Written in Rust at the core. Python and TypeScript share the same Rust code (via PyO3 wheel / wasm-bindgen), and hashes produced by any one binding decode on any other.

shape / PIXEL modes can also take an external palette, dropping per-shape colour to 4 bit and giving the output a natural visual style (brand palette, retro, Morandi, ...).

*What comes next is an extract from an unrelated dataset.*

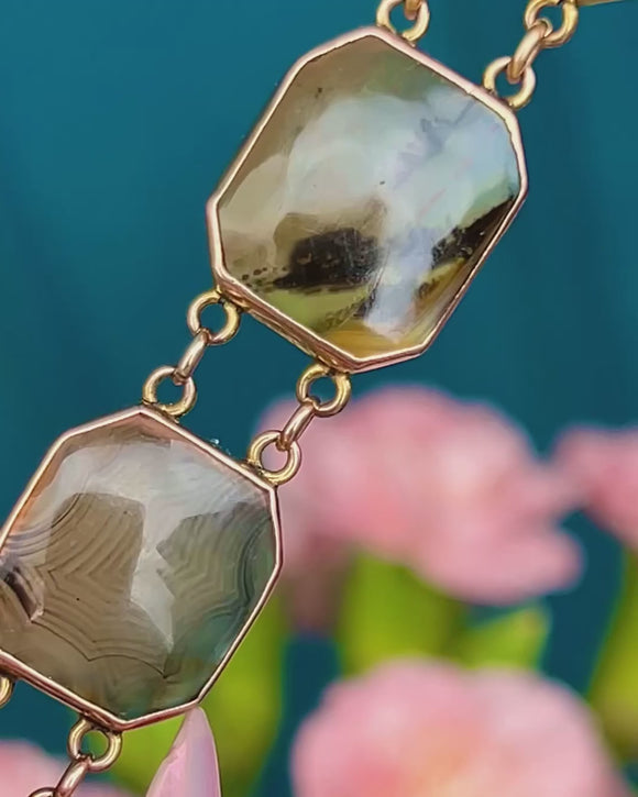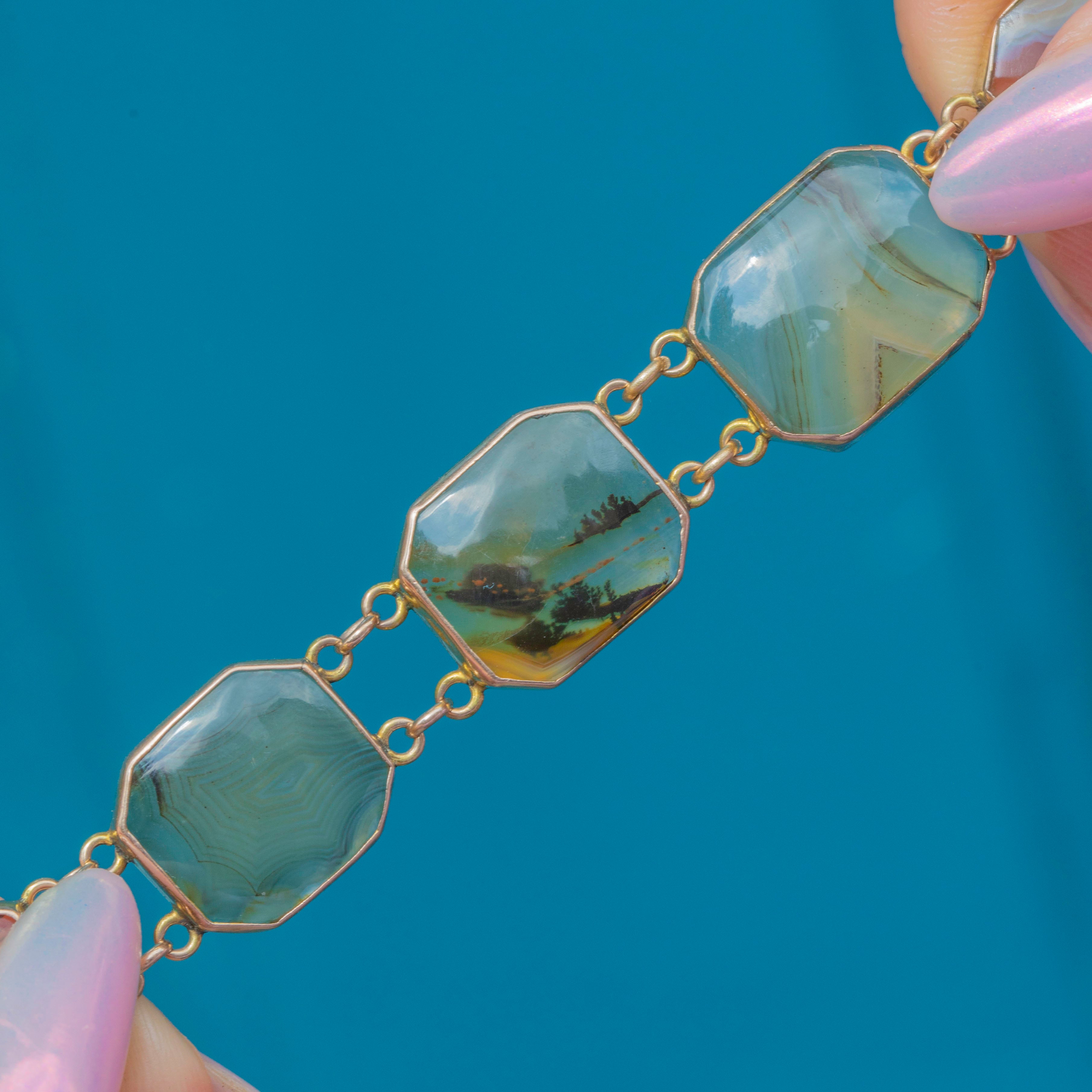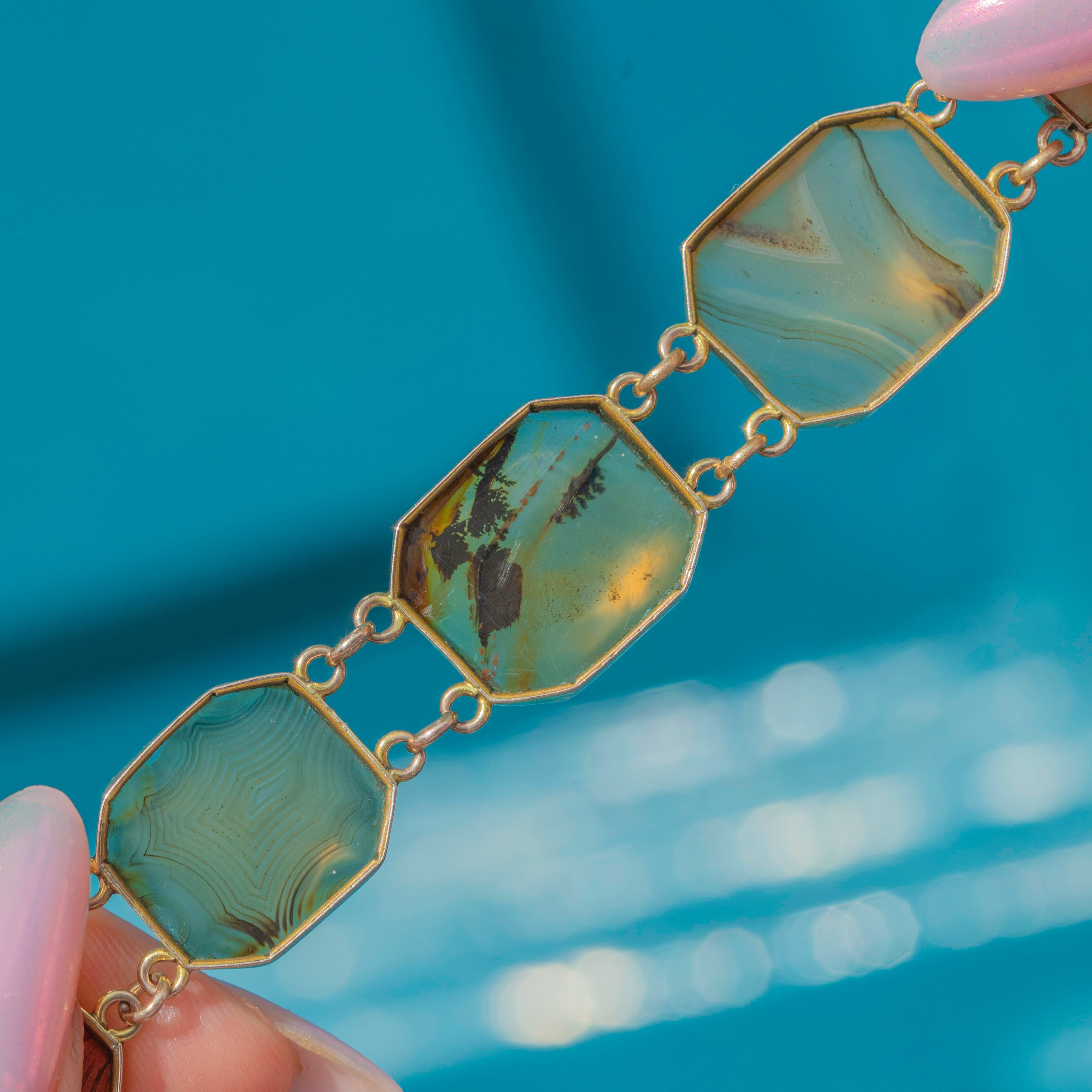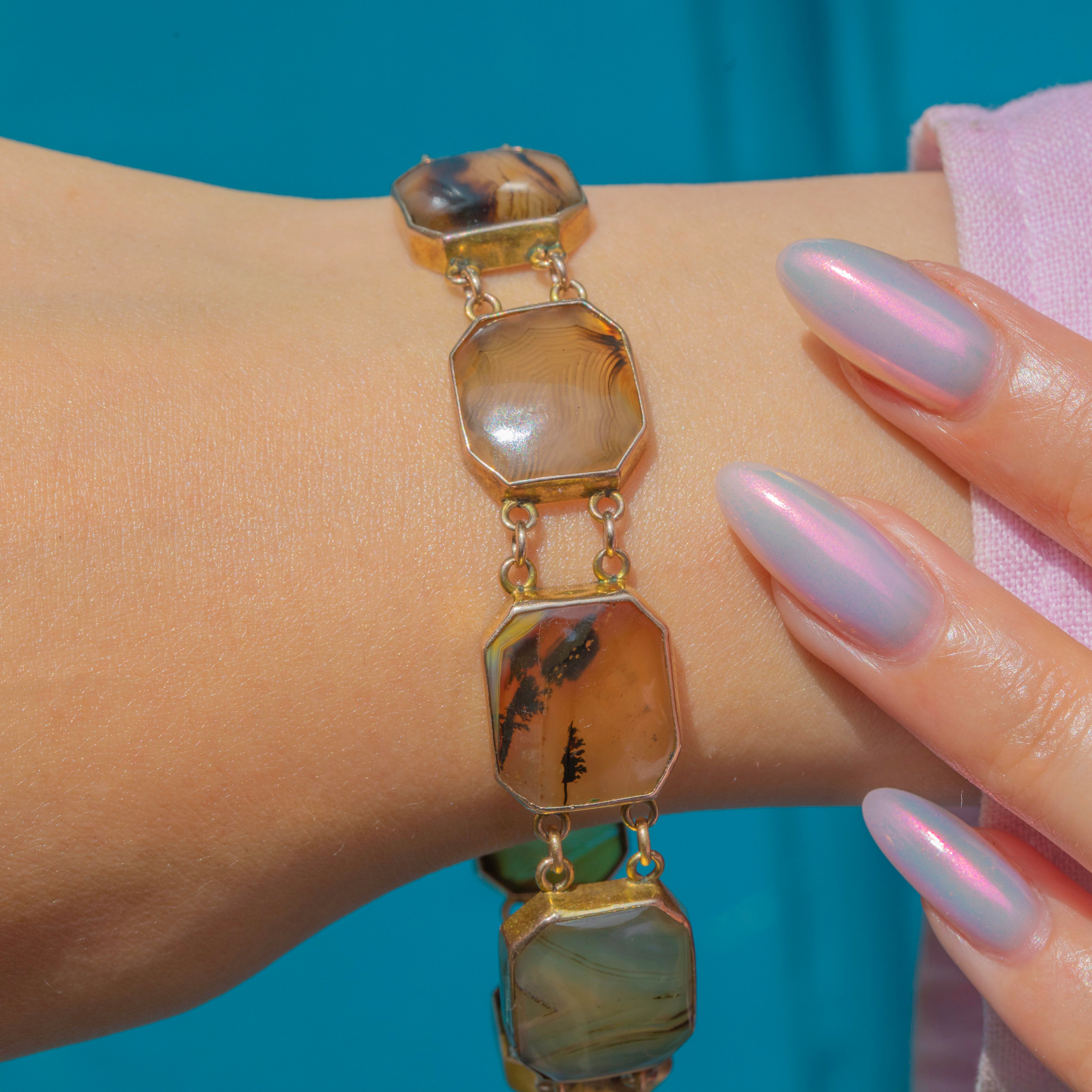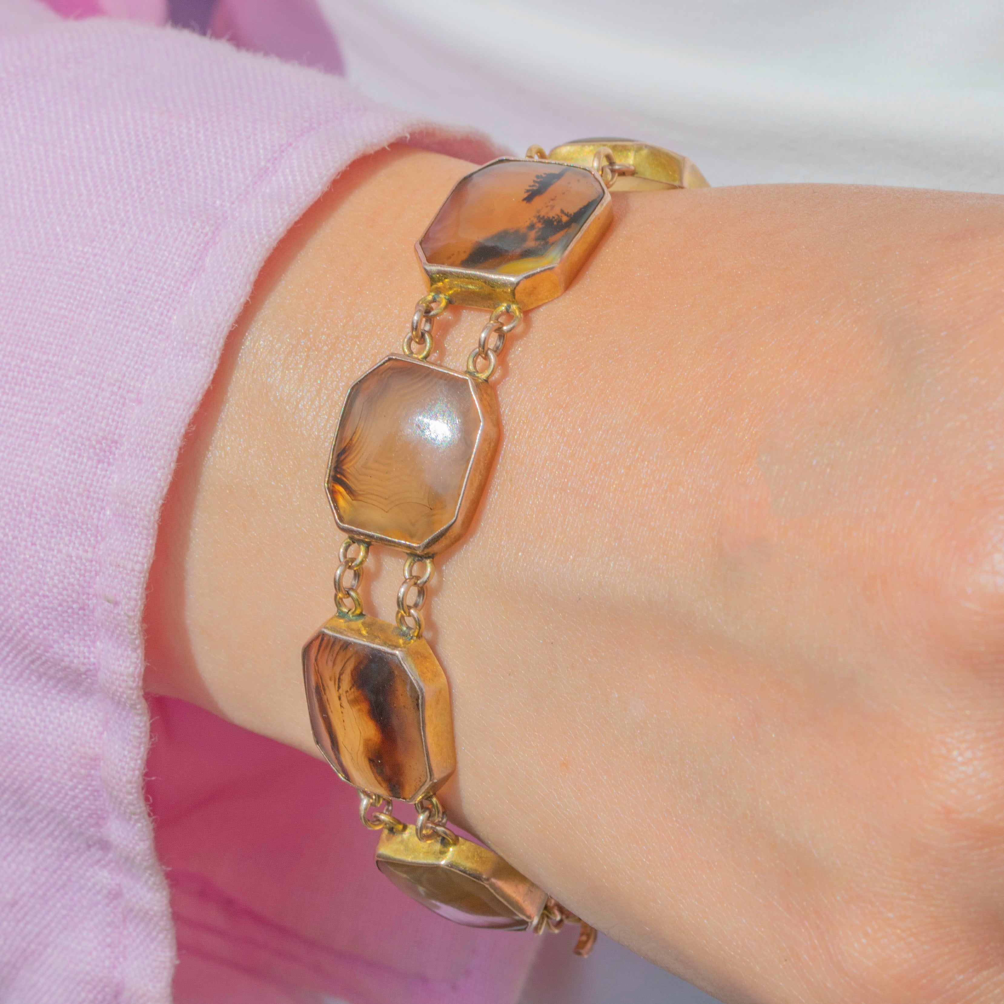 A charming Georgian Gold bracelet, formed from eight distinctly unique Dendritic Agate stones!

use arthash::{Codec, Preset, encode_rgb, decode, EncodeOptions, DecodeOptions};

// Named preset (recommended)
let codec = Preset::LargeTriangle.codec();           // triangle, n=64
let hash = encode_rgb(&rgb, w, h, &codec, EncodeOptions::default());
let out = decode(&hash, &codec, DecodeOptions::default());
// out.width / out.height / out.rgba

// Or build by factory
let codec = Codec::triangle(64);
// Codec::dct(), Codec::circle(n), Codec::square(n), Codec::rect(n),
// Codec::rotated_rect(n), Codec::pixel(n)

from arthash import Codec, Preset, encode, decode, to_svg

# DCT — thumbhash-style blurry placeholder
hash_bytes = encode("photo.jpg")
w, h, rgba = decode(hash_bytes, base_size=256)   # rgba shape (h, w, 4)

# Named preset
codec = Codec.preset(Preset.LARGE_TRIANGLE)
hash_bytes = encode("photo.jpg", codec)
svg = to_svg(hash_bytes, codec, base_size=512, blur=8.0)

# Factory + palette
from arthash.palettes import PICO8
codec = Codec.triangle(n=24, palette=PICO8)
hash_bytes = encode("photo.jpg", codec)

import { encode, decode, toSvg, codec, Preset, encodeImage } from "arthash";

// Wasm loads automatically on first call. Optionally `await init()` to preload.

// Named preset
const c = codec.preset(Preset.LargeTriangle);    // triangle, n=64
const hash = await encode(rgbBytes, width, height, c);
const { w, h, rgba } = await decode(hash, c);
const svg = await toSvg(hash, c, { baseSize: 512, blur: 8 });

// Browser convenience: load image, resize, encode in one call
const hash2 = await encodeImage(imageUrlOrBlob, c);

Factories: codec.dct() / .circle({ n }) / .triangle({ n }) / .square({ n }) / .rect({ n }) / .rotatedRect({ n }) / .pixel({ n }). See packages/arthash-ts/README.md.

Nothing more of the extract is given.